**PROBLEM DESCRIPTION:** Working from the records below, repeat exactly the lines starting at the line that contains "- Moderner Handtuchhalter" and ending at the line that contains "Rainfall depth, max", inclusive.

**INFORMATION PROVIDED:**
-- Opening Marker --
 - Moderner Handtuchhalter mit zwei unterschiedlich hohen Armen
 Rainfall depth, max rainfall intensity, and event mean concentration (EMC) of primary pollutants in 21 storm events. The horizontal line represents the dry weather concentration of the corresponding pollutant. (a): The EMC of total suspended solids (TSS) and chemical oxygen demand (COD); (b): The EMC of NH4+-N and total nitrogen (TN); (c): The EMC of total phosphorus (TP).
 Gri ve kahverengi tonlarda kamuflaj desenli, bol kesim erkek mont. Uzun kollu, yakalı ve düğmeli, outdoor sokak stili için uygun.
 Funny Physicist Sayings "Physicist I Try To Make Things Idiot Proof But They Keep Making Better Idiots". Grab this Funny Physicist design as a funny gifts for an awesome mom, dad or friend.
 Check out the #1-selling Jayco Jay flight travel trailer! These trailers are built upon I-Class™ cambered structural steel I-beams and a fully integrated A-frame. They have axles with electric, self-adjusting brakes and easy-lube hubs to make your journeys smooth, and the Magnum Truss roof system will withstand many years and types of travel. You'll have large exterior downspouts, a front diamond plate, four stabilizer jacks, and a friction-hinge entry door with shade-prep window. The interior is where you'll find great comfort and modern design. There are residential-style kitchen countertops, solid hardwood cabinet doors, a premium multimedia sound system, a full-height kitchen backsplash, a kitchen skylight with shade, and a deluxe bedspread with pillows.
-- Closing Marker --
-- Opening Marker --
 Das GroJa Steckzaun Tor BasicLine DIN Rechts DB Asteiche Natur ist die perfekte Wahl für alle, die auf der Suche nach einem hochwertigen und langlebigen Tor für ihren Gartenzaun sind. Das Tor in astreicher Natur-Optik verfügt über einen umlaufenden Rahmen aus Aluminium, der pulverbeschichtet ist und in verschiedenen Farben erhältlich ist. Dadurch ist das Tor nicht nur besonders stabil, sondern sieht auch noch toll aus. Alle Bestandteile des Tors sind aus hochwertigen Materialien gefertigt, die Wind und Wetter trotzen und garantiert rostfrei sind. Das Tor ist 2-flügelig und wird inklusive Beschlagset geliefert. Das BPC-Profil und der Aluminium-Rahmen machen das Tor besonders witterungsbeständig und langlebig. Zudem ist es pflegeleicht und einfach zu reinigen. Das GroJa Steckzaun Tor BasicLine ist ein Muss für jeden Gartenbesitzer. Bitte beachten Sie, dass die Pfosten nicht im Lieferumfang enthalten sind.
-- Closing Marker --
-- Opening Marker --
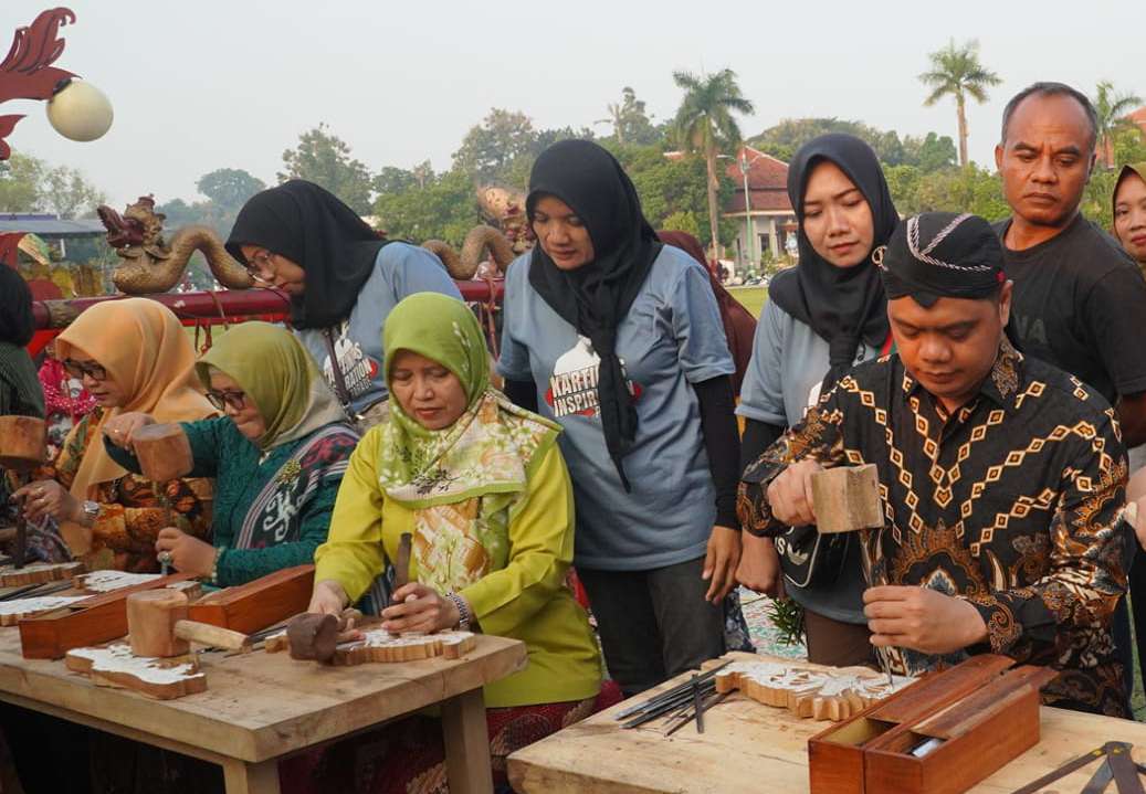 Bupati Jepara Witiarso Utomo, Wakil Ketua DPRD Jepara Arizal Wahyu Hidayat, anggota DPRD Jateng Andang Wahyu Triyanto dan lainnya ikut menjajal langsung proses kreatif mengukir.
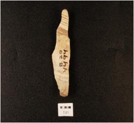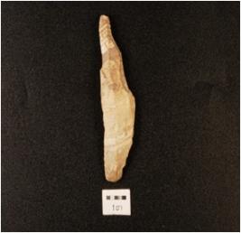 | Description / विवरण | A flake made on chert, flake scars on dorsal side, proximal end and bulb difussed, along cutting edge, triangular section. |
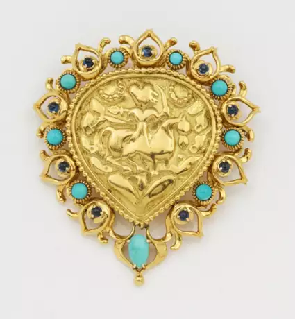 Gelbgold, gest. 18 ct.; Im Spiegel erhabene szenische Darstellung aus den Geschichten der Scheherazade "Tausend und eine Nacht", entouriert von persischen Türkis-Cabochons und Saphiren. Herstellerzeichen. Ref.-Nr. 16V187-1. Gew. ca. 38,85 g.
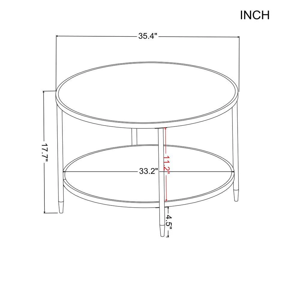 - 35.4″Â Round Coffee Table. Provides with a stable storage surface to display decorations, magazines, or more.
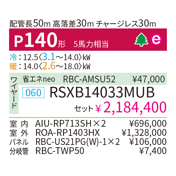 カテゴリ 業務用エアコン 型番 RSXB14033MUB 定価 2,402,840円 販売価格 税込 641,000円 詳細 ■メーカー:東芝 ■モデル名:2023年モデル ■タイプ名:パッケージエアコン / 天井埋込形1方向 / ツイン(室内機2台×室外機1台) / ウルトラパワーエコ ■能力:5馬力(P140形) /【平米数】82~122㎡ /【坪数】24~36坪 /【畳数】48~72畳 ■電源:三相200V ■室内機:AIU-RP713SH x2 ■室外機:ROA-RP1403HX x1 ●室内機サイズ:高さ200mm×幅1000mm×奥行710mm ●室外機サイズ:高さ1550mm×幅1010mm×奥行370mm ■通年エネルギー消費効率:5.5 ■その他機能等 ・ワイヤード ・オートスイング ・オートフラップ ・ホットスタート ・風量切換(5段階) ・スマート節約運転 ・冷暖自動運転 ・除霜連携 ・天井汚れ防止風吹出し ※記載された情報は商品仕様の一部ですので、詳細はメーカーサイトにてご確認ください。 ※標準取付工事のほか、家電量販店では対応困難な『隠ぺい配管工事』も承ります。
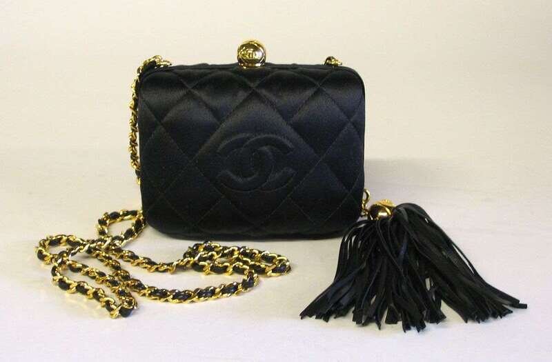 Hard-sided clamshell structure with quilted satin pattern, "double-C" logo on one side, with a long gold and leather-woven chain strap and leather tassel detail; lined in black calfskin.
-- Closing Marker --
**ANSWER AREA:**
 - Moderner Handtuchhalter mit zwei unterschiedlich hohen Armen
 Rainfall depth, max rainfall intensity, and event mean concentration (EMC) of primary pollutants in 21 storm events. The horizontal line represents the dry weather concentration of the corresponding pollutant. (a): The EMC of total suspended solids (TSS) and chemical oxygen demand (COD); (b): The EMC of NH4+-N and total nitrogen (TN); (c): The EMC of total phosphorus (TP).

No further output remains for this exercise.